Penimbunan asam laktat merupakan akibat dari glikolisis aerobik yang dapat sebagai
predisposisi terjadinya disritmia dan kegagalan jantung. Hipokromia dan asidosis laktat
mengganggu fungsi ventrikel. Kekuatan kontraksi menurun, gerakan dinding segmen iskemik
menjadi hipokinetik.
Kegagalan ventrikel kiri menyebabkan penurunan stroke volume, pengurangan cardiac out
put, peningkatan ventrikel kiri pada saat tekanan akhir diastole dan tekanan desakan pada arteri
pulmonalis serta tanda-tanda kegagalan jantung.
Kelanjutan dan iskemia tergantung pada obstruksi pada arteri koronaria (permanen atau
semntara), lokasi serta ukurannya. Tiga menifestasi dari iskemi miocardial adalah angina
pectoris, penyempitan arteri koronarius sementara, preinfarksi angina, dan miocardial infark atau
obstruksi permanen pada arteri koronari (Pusat Pendidikan Tenaga Kesehatan Dep.kes, 1993).

BAB III
PENUTUP
3.1 Kesimpulan
Jadi, Trend adalah sesuatu yang sedang di bicarakan oleh banyak orang saat ini dan
kejadiannya berdasarkan fakta, sedangkankan Issue adalah sesuatu yang sedang di bicarakan
oleh banyak namun belum jelas faktannya atau buktinya. Berikut salah satu contoh kasus issue
keperawatan pada saat ini :
Penyakit jantung koroner/ penyakit arteri koroner (penyakit jantung artherostrofik)
merupakan suatu manifestasi khusus dan arterosclerosis pada arteri koroner.

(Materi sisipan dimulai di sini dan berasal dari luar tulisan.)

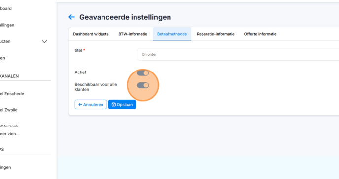6. Vink 'Beschikbaar voor alle klanten' uit.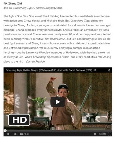 在介绍章子怡的角色时,《娱乐周刊》(Entertainment Weekly)写道:当时章子怡刚刚过20岁,她之前饰演的唯一一个角色是张艺谋的《我的父亲母亲》,但是李安给了她最好的打斗场面,而章子怡将这个角色诠释到极致。在章子怡所有功夫片角色中,“宫二”是另一座高峰,堪称“玉娇龙”进阶版,章子怡凭此角色获得华语电影界普遍肯定,却未能入此榜单,有网友评论:看来编辑还没看《一代宗师》,华语电影“走出去”任重道远。
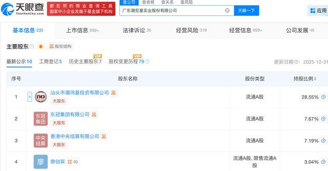 根据公开信息,潮宏基成立于1996年3月,位于广东省汕头市。天眼查App信息显示,潮宏基于2010年1月28日在深圳证券交易所主板上市。目前,该公司的注册资本约8.9亿元,法定代表人为廖创宾,主要股东包括汕头潮宏基投资、东冠集团等。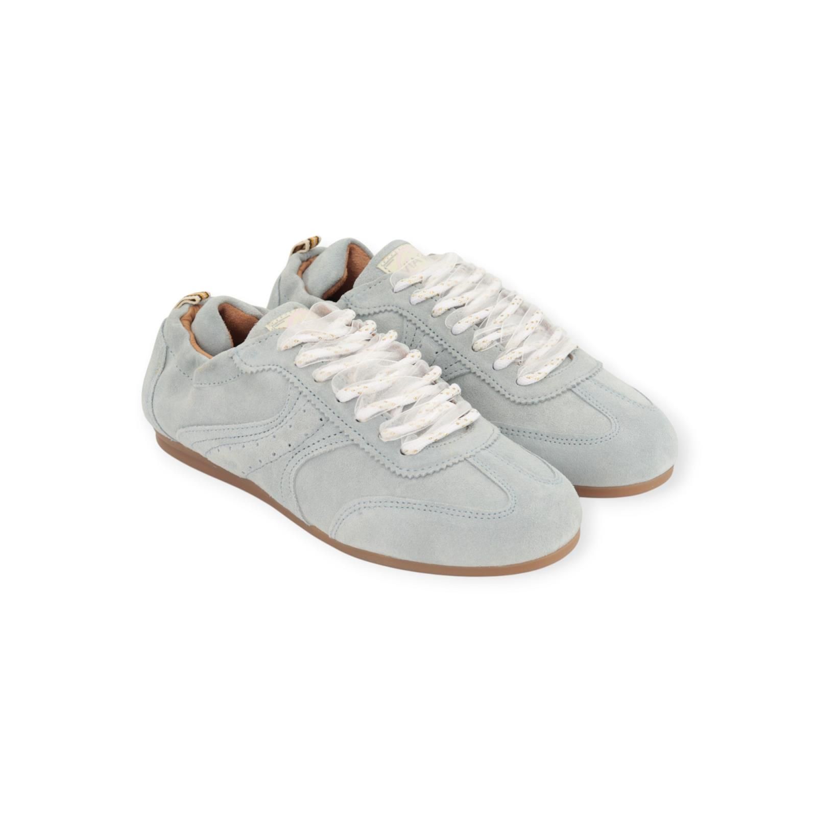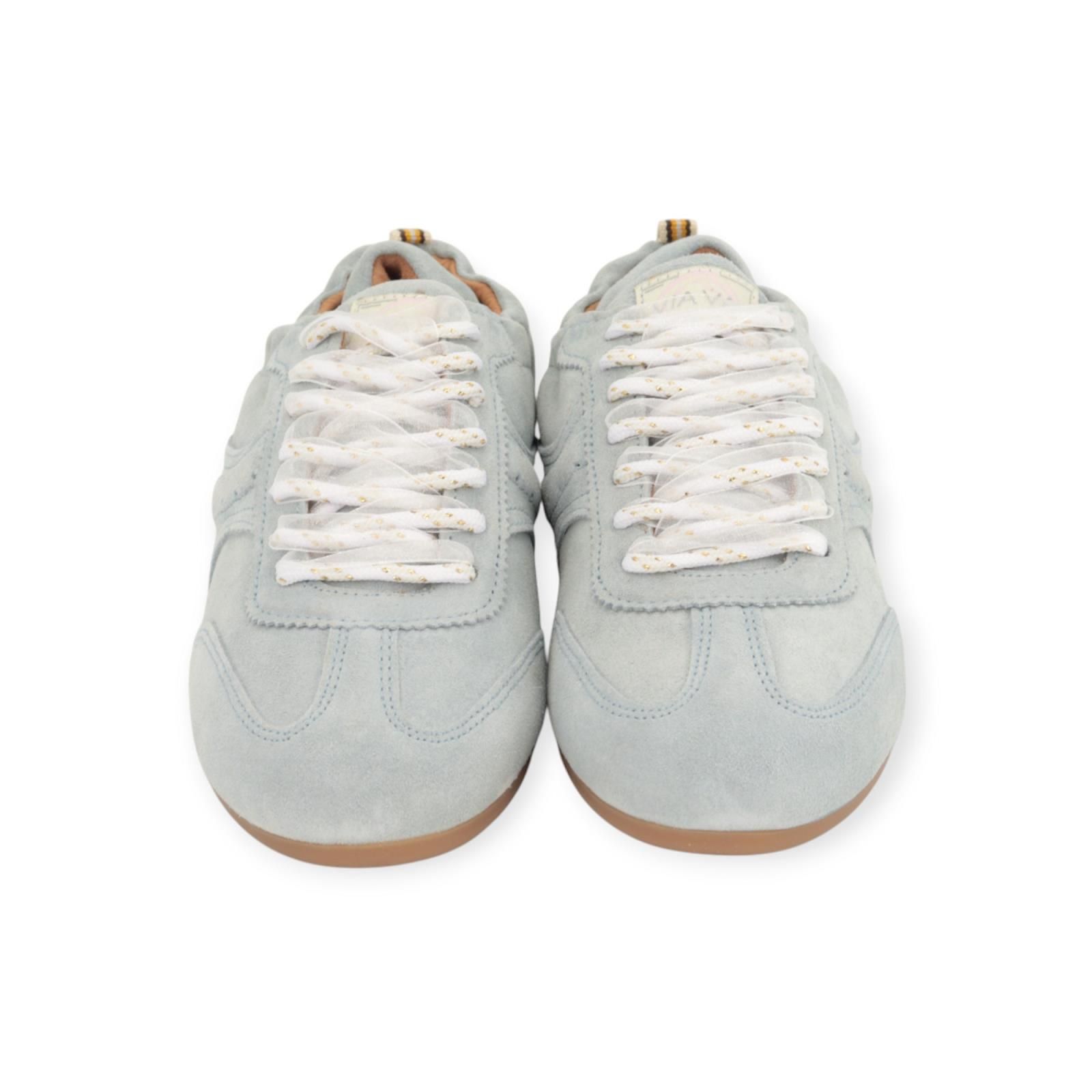 Sneaker June Haylee van Via Vai voor dames. Deze lage sneaker is in licht blauw suède, mooi afgewerkt met gekartelde stiksels en inzetstukken leer. Door het lage profiel oogt de schoen licht en verfijnd, perfect voor een nonchalante en casual stijl. Heeft een elastisch, padded hielstuk achteraan die voor nog meer comfort zorgt. De binnenzool is uitneembaar en is op een lage gummyzool. De veters zijn afgewerkt met een organza lint kan je mixen of apart dragen.

Penyakit ini
disebabkan oleh penyempitan arteri.
3.2 Saran
Diharapkan kepada mahasiswa yang nantinya sebagai tenaga kesehatan di masyarakat
dapat mengetahui Trend an Isu Keperawatan pada Sistem Kardiovaskuler Jantung Koroner
dan dapat memberikan pengetahuan tersebut kepada masyarakat luas.

DAFTAR PUSTAKA
American Nurses Association, Council of Community Health Nurses, 1986. Standards of Community
Health Nursing Practice. Kansas city: ANA.
American Nurses Association.1986. Standards oommunity Health Nursing Practice. Washington
DC: Author.
Departemen RI.1993. Perawatan Kesehatan Masyarakat. Jakarta: Depkes RI
Tabrani. (1998). Agenda Gawat Darurat. Pembina Ilmu. Bandung.
Pusat Pendidikan Tenaga Kesehatan. (1993). Proses Keperawatan Pada Pasien Dengan Gangguan
Sistem Krdiovaskuler. Departemen Kesehatan. Jakarta.
Kaplan, Norman M. (1991). Pencegahan Penyakit Jantung Koroner. EGC Jakarta.